When I returned to my hometown, I also returned to my parents’ home. They live on the Eastern edge of the prairie that eventually gives way to the Great Plains and eventually the Rockies to the West, about eight miles from the center of town and the river valley in which it sits. During this period I would wake up every morning, pack up my things—a laptop, some books and a notebook, some weed, a camera—hop on a bike, and set off across the flat farmland until I found the bike paths and streets that would channel my two wheels down to the river. There by the river, paved trails run along both banks through parks, creek valleys, wooded banks, and an old abandoned golf course. I would smoke weed, get coffee and read at the cafe, and bike up and down those riverside paths, where the only people I encountered were joggers and the homeless, the latter setting up small camps in the woods on the banks of the river, camps that lasted as long as the cops would leave them be. Some days I would put a bottle of wine in my water bottle, pack a lunch, and sit under a tree in the old golf course overgrown with weeds, and watch the clouds, listen to the birds. Think. Be.

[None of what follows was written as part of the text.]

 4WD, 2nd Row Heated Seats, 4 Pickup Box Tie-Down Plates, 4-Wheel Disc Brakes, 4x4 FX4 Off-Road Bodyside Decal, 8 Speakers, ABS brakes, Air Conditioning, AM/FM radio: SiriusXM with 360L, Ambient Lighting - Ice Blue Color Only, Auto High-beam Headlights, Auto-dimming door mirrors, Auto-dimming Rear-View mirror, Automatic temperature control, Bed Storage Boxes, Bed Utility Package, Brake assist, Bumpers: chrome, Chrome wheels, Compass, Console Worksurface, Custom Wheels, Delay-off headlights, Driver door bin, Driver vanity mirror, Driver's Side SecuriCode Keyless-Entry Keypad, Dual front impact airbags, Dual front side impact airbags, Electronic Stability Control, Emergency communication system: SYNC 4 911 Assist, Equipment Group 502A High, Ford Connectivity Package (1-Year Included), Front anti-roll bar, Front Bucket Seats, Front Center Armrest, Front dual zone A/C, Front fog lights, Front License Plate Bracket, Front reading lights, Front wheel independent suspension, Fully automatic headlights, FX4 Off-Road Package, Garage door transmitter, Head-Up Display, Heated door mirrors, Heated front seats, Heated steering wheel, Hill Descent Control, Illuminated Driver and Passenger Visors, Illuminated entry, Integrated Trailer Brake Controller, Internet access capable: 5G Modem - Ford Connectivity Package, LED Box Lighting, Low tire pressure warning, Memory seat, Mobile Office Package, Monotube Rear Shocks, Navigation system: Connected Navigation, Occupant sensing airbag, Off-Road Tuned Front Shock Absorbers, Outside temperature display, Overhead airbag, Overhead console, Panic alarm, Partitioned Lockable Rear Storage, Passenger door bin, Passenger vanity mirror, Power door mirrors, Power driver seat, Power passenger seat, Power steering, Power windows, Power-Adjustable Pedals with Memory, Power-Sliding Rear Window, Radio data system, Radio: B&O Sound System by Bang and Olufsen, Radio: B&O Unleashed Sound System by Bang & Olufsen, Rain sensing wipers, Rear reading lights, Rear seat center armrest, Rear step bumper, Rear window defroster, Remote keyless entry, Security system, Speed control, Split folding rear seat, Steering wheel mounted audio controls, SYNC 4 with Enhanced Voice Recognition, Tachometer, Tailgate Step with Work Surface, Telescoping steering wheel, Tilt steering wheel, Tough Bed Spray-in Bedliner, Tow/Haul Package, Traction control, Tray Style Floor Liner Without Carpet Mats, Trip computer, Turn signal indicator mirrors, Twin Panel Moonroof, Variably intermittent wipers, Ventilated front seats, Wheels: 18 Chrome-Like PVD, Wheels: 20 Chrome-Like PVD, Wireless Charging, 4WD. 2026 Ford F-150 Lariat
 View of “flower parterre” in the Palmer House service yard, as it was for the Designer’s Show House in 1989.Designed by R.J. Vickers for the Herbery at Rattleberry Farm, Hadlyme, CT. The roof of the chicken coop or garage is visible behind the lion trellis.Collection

This river I grew up by and returned to is the Wabash, a tributary of the Ohio, which is then a tributary of the mighty Mississippi, which in turn flows into the Gulf of Mexico. So the Wabash is three degrees removed from the sea, but nevertheless songs have been written about it. The Indiana state song is “On the Banks of the Wabash, Far Away.” And Johnny Cash has a little known song in his oeuvre “If it wasn’t for the Wabash River” about an encounter he had with a local in my hometown of Lafayette, Indiana while on tour. Give the song and the story that goes with it a listen.

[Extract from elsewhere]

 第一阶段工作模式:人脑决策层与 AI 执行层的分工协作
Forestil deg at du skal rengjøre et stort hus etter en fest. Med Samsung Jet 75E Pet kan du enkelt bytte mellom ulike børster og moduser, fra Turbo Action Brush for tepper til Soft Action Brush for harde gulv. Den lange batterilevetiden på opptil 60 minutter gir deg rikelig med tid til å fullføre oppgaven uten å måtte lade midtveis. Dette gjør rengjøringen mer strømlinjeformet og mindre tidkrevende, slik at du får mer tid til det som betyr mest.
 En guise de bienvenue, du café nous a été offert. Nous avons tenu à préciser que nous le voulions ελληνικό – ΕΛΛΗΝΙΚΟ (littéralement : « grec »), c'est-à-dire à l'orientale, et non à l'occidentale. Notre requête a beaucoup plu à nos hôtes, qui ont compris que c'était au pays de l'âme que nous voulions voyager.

The story is about Johnny Cash pulling over his tour van in Lafayette and meeting a man who is fishing down by the river. This man’s wife left him for California, and he has finally given up trying to get her back. In his desperate depression he turns to fishing for catfish on the banks of the Wabash as a distracting solace, more about solitude and stillness than actual fishing. In Cash’s words, fishing by the river day and night, day after day, got him to the point where he just about has his mind back together. The chorus of the song goes “If it wasn’t for the Wabash River, I’d be out of my mind.” Substitute a bike for a fishing pole, and the song could be, just about word for word, about me and my time by the river.

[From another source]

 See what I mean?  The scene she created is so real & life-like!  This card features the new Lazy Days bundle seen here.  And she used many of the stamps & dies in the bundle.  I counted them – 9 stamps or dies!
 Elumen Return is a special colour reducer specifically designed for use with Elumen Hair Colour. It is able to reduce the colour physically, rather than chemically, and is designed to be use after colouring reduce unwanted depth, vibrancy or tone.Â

All that time biking up and down the Wabash. Sitting under shade trees. Smoking weed and listening to the flow of the current and the sounds of song birds and eagles that fly up and down the valley. Alternating between pushing my body hard and leisurely riding those solitary paths under the trees that shade the banks was like a balm and a poultice on the boil of my throbbing dread and anxiety. Slowly the poisons came to the surface. Slowly the pressure was relieved. Some days I’d cry as the wind dried sweat and tears off my streaked face leaving salt stains on my shirt and messenger bag. Other days I’d laugh like a madman at the absurdity of it all. A summer of doing that, and though nothing was resolved about how I’d make a living or how to get over lost loves, I was well. My body was forming itself into something new, so too my mind and spirit. And in my memory’s eye I can still see myself pushing the pedals as the current of the Wabash flows beside me. And I can sing, right along with Johnny Cash, “If it wasn’t for the Wabash River, I’d be out of my mind.”